» Exercise requirements
Every entry must be transcribed exactly. Pictures are not part of the copy.

» Available data
+--

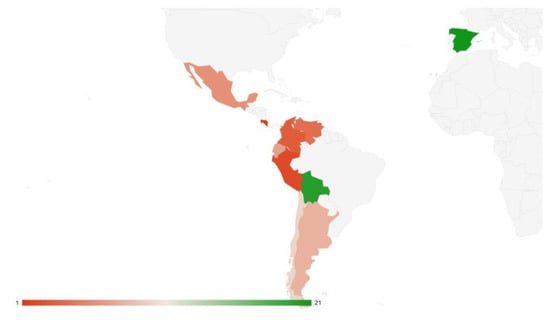 Based on data extracted from the WHO, these ten Ibero-American countries total 11,501 infected as of the date of consultation for this study, 14 September 2022. Spain has 6947 cumulative cases and 2 deceased cases, followed by Peru with 1937 infected, Colombia with 938, Mexico with 788, Chile with 486, Argentina with 221, Bolivia with 110, Ecuador with 68 cases and 1 deceased, and Costa Rica and Venezuela with 3 infected cases, respectively. In the US, for example, 19,833 cases had already been detected on the same date.
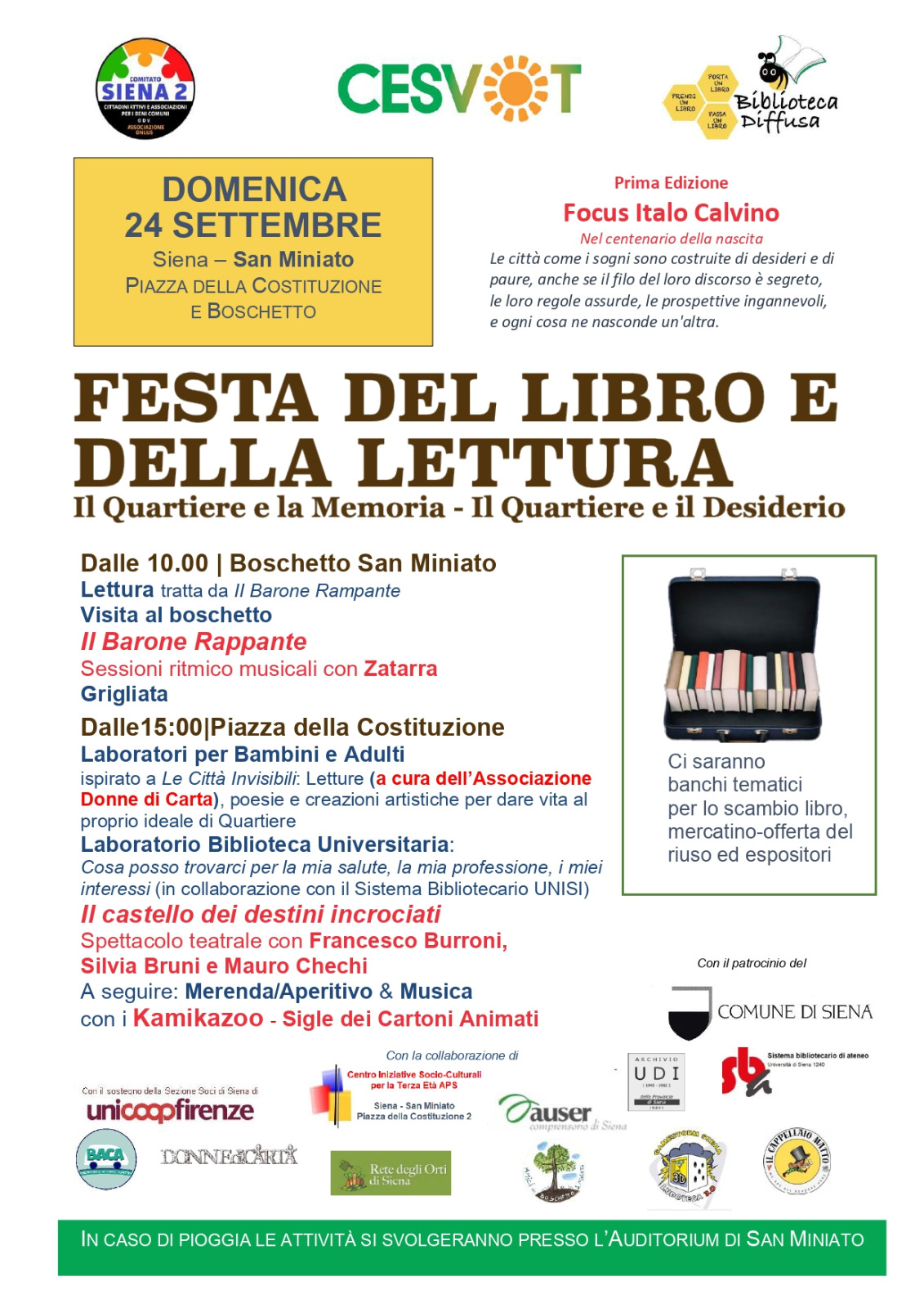 Il 24 settembre all'interno del Quartiere San Miniato di Siena si svolgerà la "Festa del Libro e della Lettura" il cui obiettivo è quello di dare visibilità alla cittadinanza attiva e al progetto della biblioteca diffusa. La manifestazione prevede, nell'arco della giornata, una sessione di lettura, alcuni laboratori tematici e una rappresentazione teatrale.
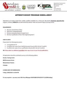 Applicants are hereby invited from suitably qualified candidates for a three year (36-months) Electrician apprenticeship program, funded by W&RSETA and administered by Nandzu Trade and General Projects (Training Centre).
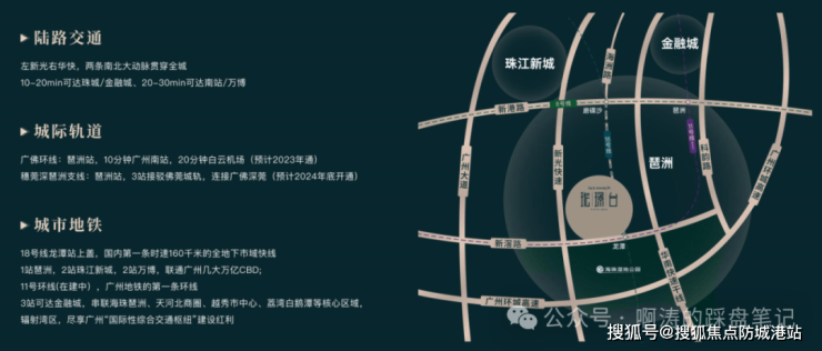 项目的交通配套是最大的优势,真正的双地铁上盖物业,楼下就是11号线与18号线的龙潭站,真正的下楼就能进地铁,不用风吹日晒,下雨的时候您不用打伞就能从家走到地铁站,非常方便。18号线是国内第一条时速达160公里的全地下市域快线,从项目出发,1站就能到琶洲,2站就能到珠江新城,就算您在珠城上班,通勤也只需要15分钟,比您住在珠城周边还要方便,而且这条线路未来还会连接广州东站,快速通达湾区其他城市。11号线是广州的首条地铁环线,共设32座车站,其中26座是换乘站,串联了市中心的五个核心区,从项目出发,3站就能到金融城,不管您在广州哪个核心区上班,都能快速到达。自驾的话,项目旁边就是新滘中路快速路,连接新光快速、华南快速等城市主干道,15分钟就能到珠江新城,20分钟就能到番禺万博,30分钟就能到白云机场,不管是日常通勤还是周末出游,都非常便捷。周边还有多条公交线路,覆盖了海珠、天河、番禺等多个区域,公共出行的选择非常多,真正实现了全城速达。
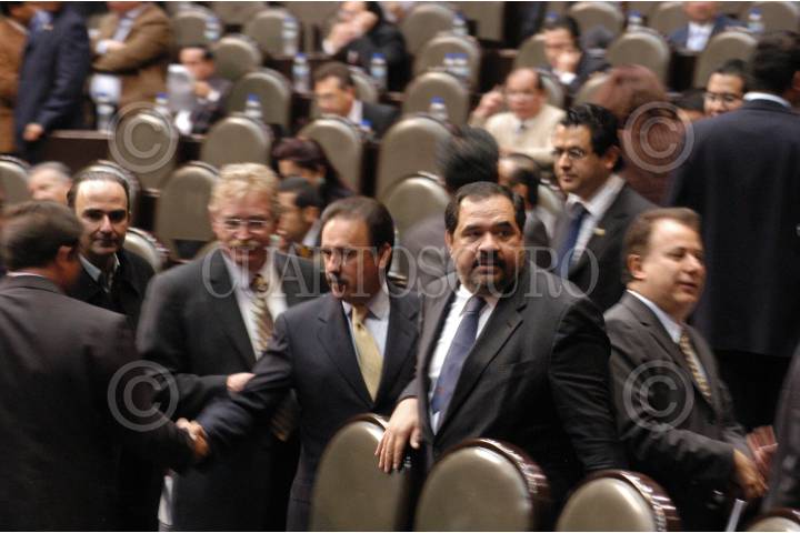 MÉXICO D.F. 21DICIEMBRE2006.- El diputado José Antonio Almazán, Adrian Pedroza y Alejandro Sánchez, durante su conferencia de prensa en la cámara de diputados donde se menciono que el aumento al salario es una burla para el trabajador. FOTO: GUILLERMO PEREA/CUARTOSCURO.COM
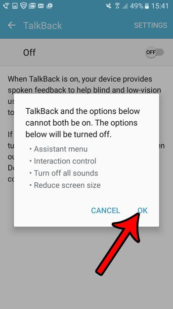 Adım 7: DokunTAMAMCihazınızdaki Talkback ile uyumsuz özellikleri kapatmak için tekrar düğme.
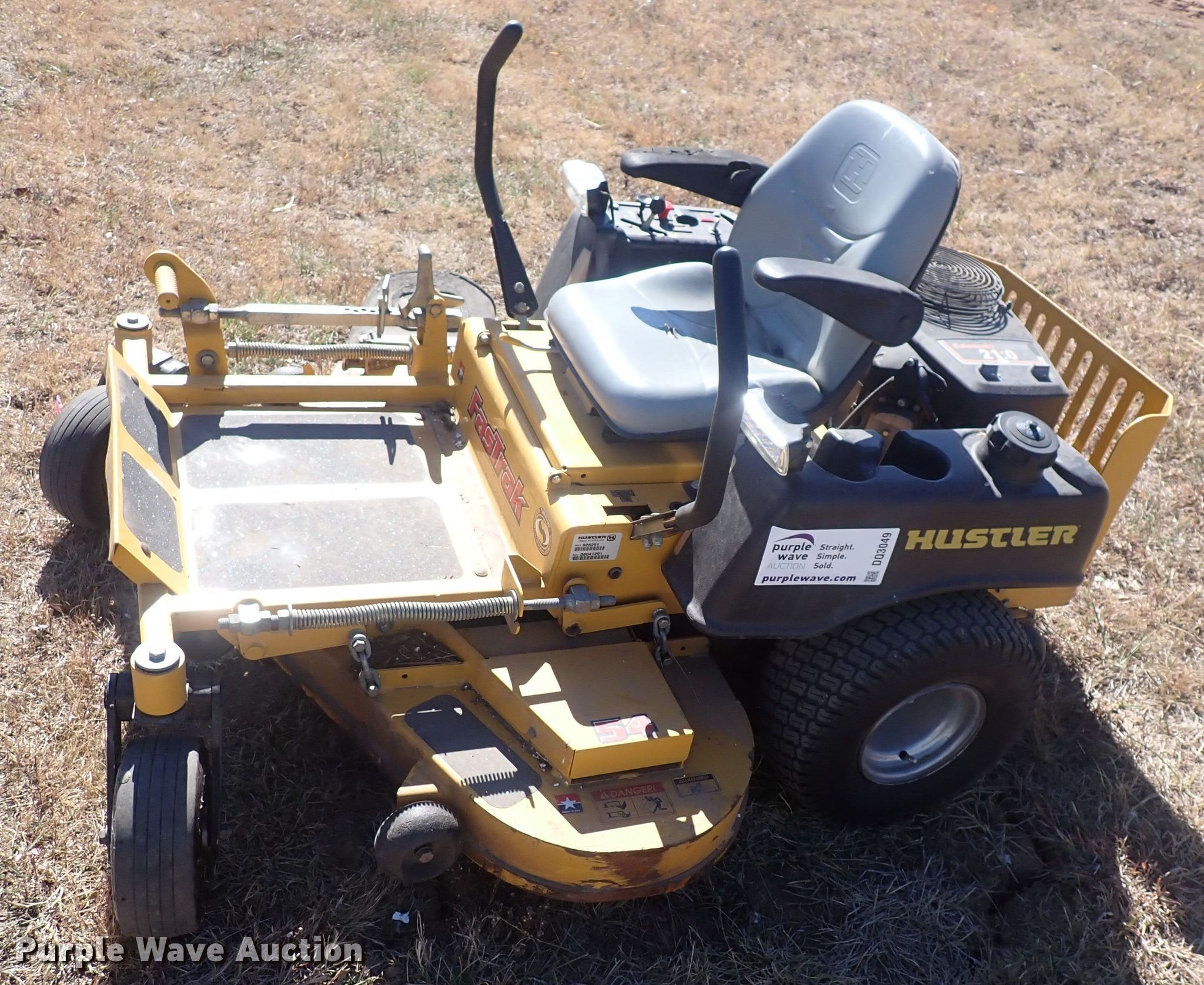 Purple Wave is selling a used Lawn Mower in Kansas. This item is a Hustler FastTrak 928291 ZTR lawn mower with the following: Hours: 814 on meter, Cutting width: 54", Serial: 08041291

+--

» Response
 Based on data extracted from the WHO, these ten Ibero-American countries total 11,501 infected as of the date of consultation for this study, 14 September 2022. Spain has 6947 cumulative cases and 2 deceased cases, followed by Peru with 1937 infected, Colombia with 938, Mexico with 788, Chile with 486, Argentina with 221, Bolivia with 110, Ecuador with 68 cases and 1 deceased, and Costa Rica and Venezuela with 3 infected cases, respectively. In the US, for example, 19,833 cases had already been detected on the same date.
 Il 24 settembre all'interno del Quartiere San Miniato di Siena si svolgerà la "Festa del Libro e della Lettura" il cui obiettivo è quello di dare visibilità alla cittadinanza attiva e al progetto della biblioteca diffusa. La manifestazione prevede, nell'arco della giornata, una sessione di lettura, alcuni laboratori tematici e una rappresentazione teatrale.
 Applicants are hereby invited from suitably qualified candidates for a three year (36-months) Electrician apprenticeship program, funded by W&RSETA and administered by Nandzu Trade and General Projects (Training Centre).
 项目的交通配套是最大的优势,真正的双地铁上盖物业,楼下就是11号线与18号线的龙潭站,真正的下楼就能进地铁,不用风吹日晒,下雨的时候您不用打伞就能从家走到地铁站,非常方便。18号线是国内第一条时速达160公里的全地下市域快线,从项目出发,1站就能到琶洲,2站就能到珠江新城,就算您在珠城上班,通勤也只需要15分钟,比您住在珠城周边还要方便,而且这条线路未来还会连接广州东站,快速通达湾区其他城市。11号线是广州的首条地铁环线,共设32座车站,其中26座是换乘站,串联了市中心的五个核心区,从项目出发,3站就能到金融城,不管您在广州哪个核心区上班,都能快速到达。自驾的话,项目旁边就是新滘中路快速路,连接新光快速、华南快速等城市主干道,15分钟就能到珠江新城,20分钟就能到番禺万博,30分钟就能到白云机场,不管是日常通勤还是周末出游,都非常便捷。周边还有多条公交线路,覆盖了海珠、天河、番禺等多个区域,公共出行的选择非常多,真正实现了全城速达。
 MÉXICO D.F. 21DICIEMBRE2006.- El diputado José Antonio Almazán, Adrian Pedroza y Alejandro Sánchez, durante su conferencia de prensa en la cámara de diputados donde se menciono que el aumento al salario es una burla para el trabajador. FOTO: GUILLERMO PEREA/CUARTOSCURO.COM
 Adım 7: DokunTAMAMCihazınızdaki Talkback ile uyumsuz özellikleri kapatmak için tekrar düğme.
 Purple Wave is selling a used Lawn Mower in Kansas. This item is a Hustler FastTrak 928291 ZTR lawn mower with the following: Hours: 814 on meter, Cutting width: 54", Serial: 08041291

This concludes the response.